As I've seen for the CH series of chips that are marketed as interface chips, such as the CH565/569/579 etc, while those have a CPU core, they are not really marketed by WCH as microcontrollers in their own right, and the consequence is that the documentation and SDKs are much more opaque than with the CH32V series for instance.
I mentioned the CH569 earlier, which I'm interested in, but found out that the documentation is a bit too terse as well, and that the provided SDK doesn't contain any source code for the USB side, making you rely on a binary-only library for USB (and probably other peripherals). That's a terrible bummer IMO, but I haven't had time to look at the docs enough to tell whether implementing support would be difficult, impossible or quite possible.

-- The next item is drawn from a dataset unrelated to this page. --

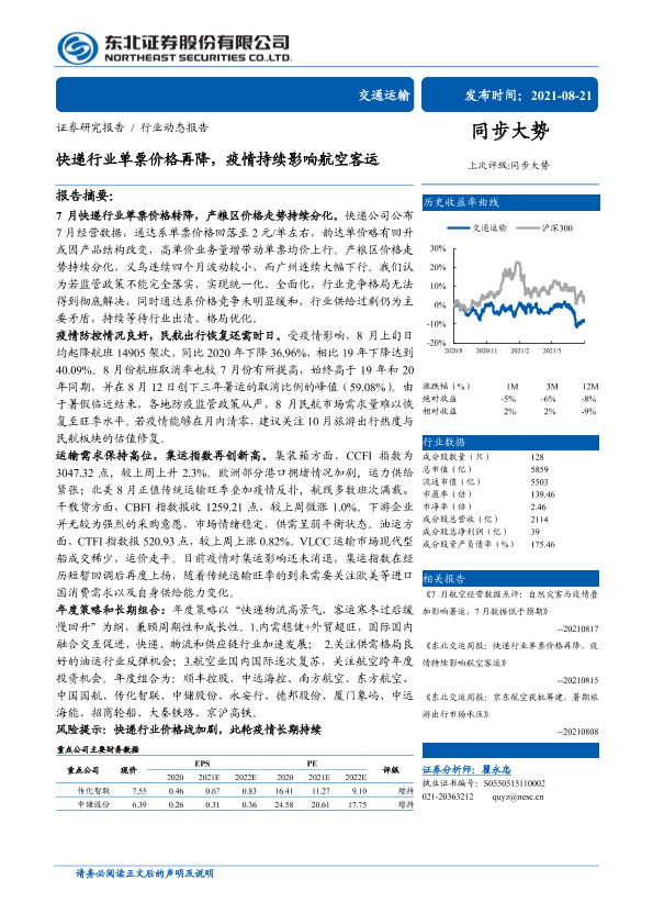 【东北证券】【20210821】交通运输行业:快递行业单票价格再降,疫情持续影响航空客运-16页
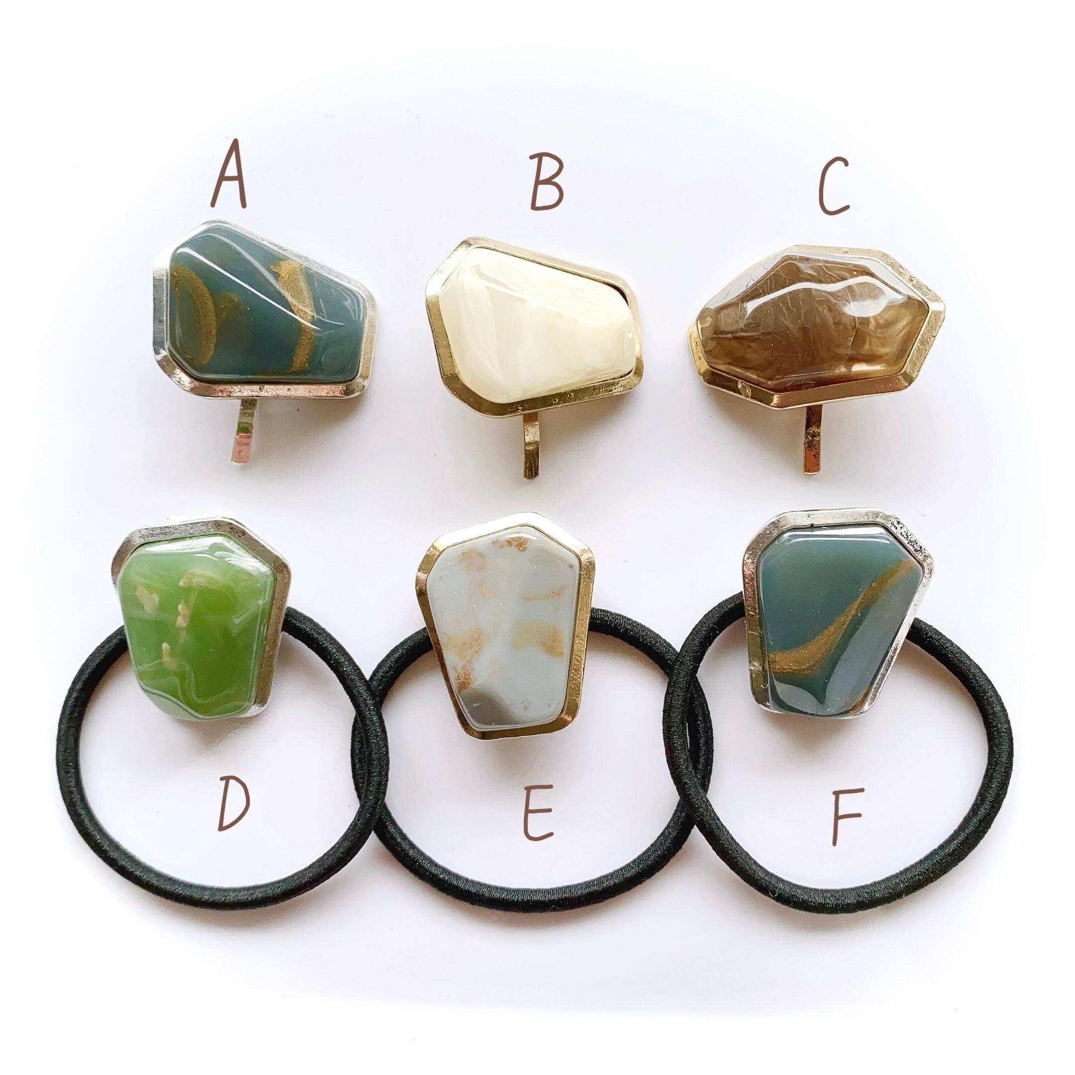 天然石のようなマーブル模様がポイントになった多角形のポニーフックやヘアゴムです。

One can spend a good number of man-months sorting out low level code and (e.g.) LWIP integration for a new CPU. Sorting out the 32F4 code took that long and that was when we were given supposedly working code from ST! In this case, good luck... And in ETH apps, a low level problem can be hidden until the application does something new
Also LWIP pretty much needs an RTOS (there is a way around it but is complicated) and that is something else you need to port to a new CPU (not as hard as ETH though).
Also LWIP pretty much needs an RTOS (there is a way around it but is complicated) and that is something else you need to port to a new CPU (not as hard as ETH though).
My interest in those Ethernet enabled chips is exactly that: Ethernet.
We make our own networking library with built-in TCP/IP and TLS 1.3 stacks, so don't care about LWIP and its issues.
Our stack does not require RTOS: it runs perfectly fine in a bare metal superloop, and in a RTOS task.
The reason Mongoose does not require RTOS is simple: our library provides a high-level event-based API for protocols like TCP, UDP, HTTP, MQTT, etc. Therefore we don't need socket layer, we simply bypass it.
And it is exactly the socket layer that needs RTOS support, because that's the way a blocking send()/recv() can be implemented. An RTOS is required for the "waiting" functionality, and a socket layer required for data buffering.
Bypassing a socket layer saves a whole lot. RTOS independence, performance, and memory.
Most people writing internet apps use the socket API.
the official has ported freertos and lwip, as well as webserver examples on ch579m, the retail price of the chip in China is just below 5 RMB, approximately 0.7 USD
Most people writing internet apps use the socket API.
Most people writing Internet apps, do NOT use socket API. They use one of the many network libraries that provide a higher level API.